Source information:
=== Section Start ===

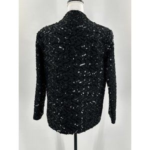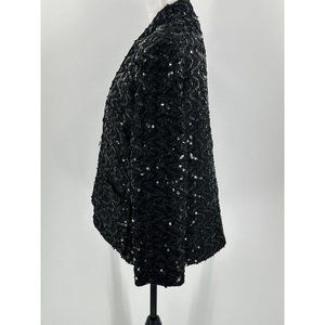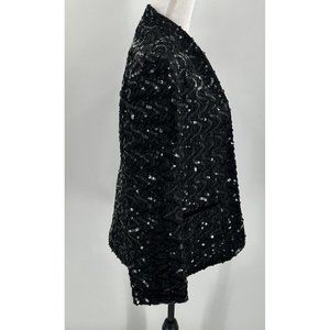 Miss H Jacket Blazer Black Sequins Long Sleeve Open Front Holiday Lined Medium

=== Section End ===
=== Section Start ===

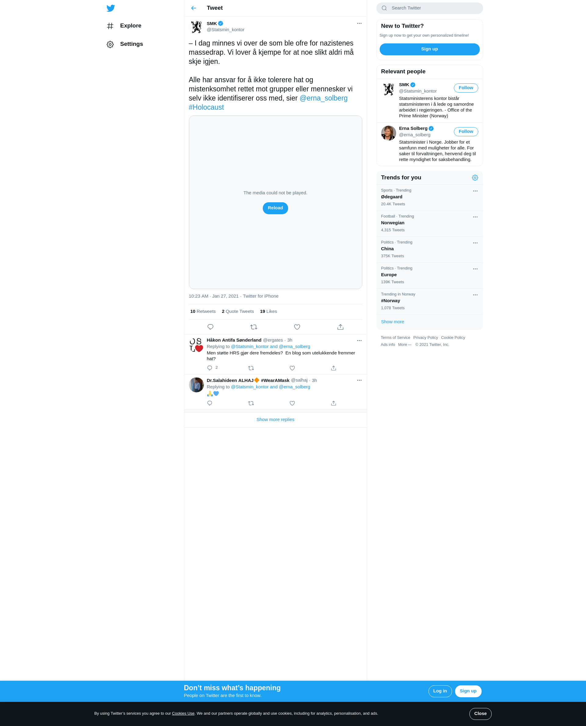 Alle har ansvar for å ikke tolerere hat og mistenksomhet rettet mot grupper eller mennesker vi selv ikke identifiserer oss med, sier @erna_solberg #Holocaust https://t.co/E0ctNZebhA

=== Section End ===
=== Section Start ===

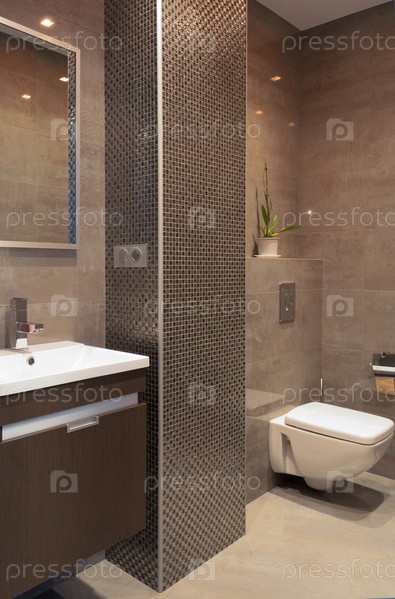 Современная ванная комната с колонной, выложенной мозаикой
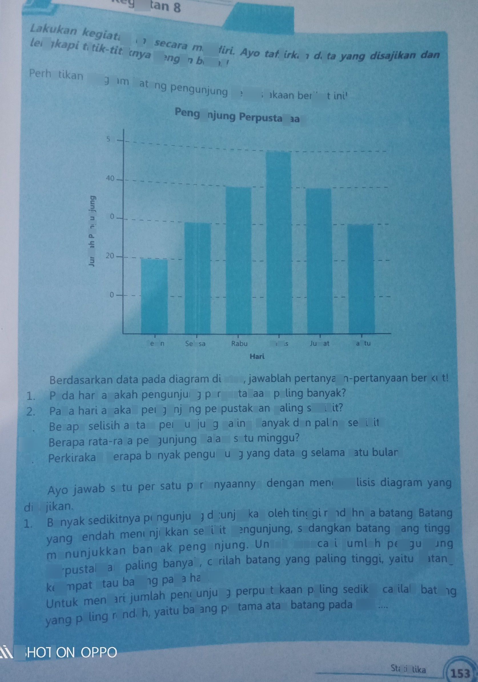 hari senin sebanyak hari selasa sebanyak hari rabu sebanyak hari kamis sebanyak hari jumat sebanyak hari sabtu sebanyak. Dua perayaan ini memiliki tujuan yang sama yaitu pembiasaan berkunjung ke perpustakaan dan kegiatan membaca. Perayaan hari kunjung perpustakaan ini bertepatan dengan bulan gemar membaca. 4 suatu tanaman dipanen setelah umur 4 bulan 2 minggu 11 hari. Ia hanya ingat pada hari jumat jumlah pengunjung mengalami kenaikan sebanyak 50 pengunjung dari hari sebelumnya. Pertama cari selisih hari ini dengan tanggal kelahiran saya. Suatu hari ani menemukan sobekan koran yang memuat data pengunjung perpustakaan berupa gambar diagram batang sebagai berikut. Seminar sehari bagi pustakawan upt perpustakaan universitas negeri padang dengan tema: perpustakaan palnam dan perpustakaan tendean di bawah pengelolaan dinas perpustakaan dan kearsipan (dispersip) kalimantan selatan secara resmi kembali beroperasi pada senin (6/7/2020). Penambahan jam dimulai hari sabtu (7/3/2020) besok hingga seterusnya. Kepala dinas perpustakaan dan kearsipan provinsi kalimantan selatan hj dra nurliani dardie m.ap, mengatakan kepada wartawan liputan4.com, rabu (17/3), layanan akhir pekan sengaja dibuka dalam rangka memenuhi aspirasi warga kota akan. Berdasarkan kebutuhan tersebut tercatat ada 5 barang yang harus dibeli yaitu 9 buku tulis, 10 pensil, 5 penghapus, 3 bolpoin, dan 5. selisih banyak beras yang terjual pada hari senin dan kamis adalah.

=== Section End ===

Required action:
Your reply should hold nothing but the lines above, from the one containing "Современная ванная комната" to the one containing "hari senin sebanyak", reproduced exactly minus the pictures.

Task output:
 Современная ванная комната с колонной, выложенной мозаикой
 hari senin sebanyak hari selasa sebanyak hari rabu sebanyak hari kamis sebanyak hari jumat sebanyak hari sabtu sebanyak. Dua perayaan ini memiliki tujuan yang sama yaitu pembiasaan berkunjung ke perpustakaan dan kegiatan membaca. Perayaan hari kunjung perpustakaan ini bertepatan dengan bulan gemar membaca. 4 suatu tanaman dipanen setelah umur 4 bulan 2 minggu 11 hari. Ia hanya ingat pada hari jumat jumlah pengunjung mengalami kenaikan sebanyak 50 pengunjung dari hari sebelumnya. Pertama cari selisih hari ini dengan tanggal kelahiran saya. Suatu hari ani menemukan sobekan koran yang memuat data pengunjung perpustakaan berupa gambar diagram batang sebagai berikut. Seminar sehari bagi pustakawan upt perpustakaan universitas negeri padang dengan tema: perpustakaan palnam dan perpustakaan tendean di bawah pengelolaan dinas perpustakaan dan kearsipan (dispersip) kalimantan selatan secara resmi kembali beroperasi pada senin (6/7/2020). Penambahan jam dimulai hari sabtu (7/3/2020) besok hingga seterusnya. Kepala dinas perpustakaan dan kearsipan provinsi kalimantan selatan hj dra nurliani dardie m.ap, mengatakan kepada wartawan liputan4.com, rabu (17/3), layanan akhir pekan sengaja dibuka dalam rangka memenuhi aspirasi warga kota akan. Berdasarkan kebutuhan tersebut tercatat ada 5 barang yang harus dibeli yaitu 9 buku tulis, 10 pensil, 5 penghapus, 3 bolpoin, dan 5. selisih banyak beras yang terjual pada hari senin dan kamis adalah.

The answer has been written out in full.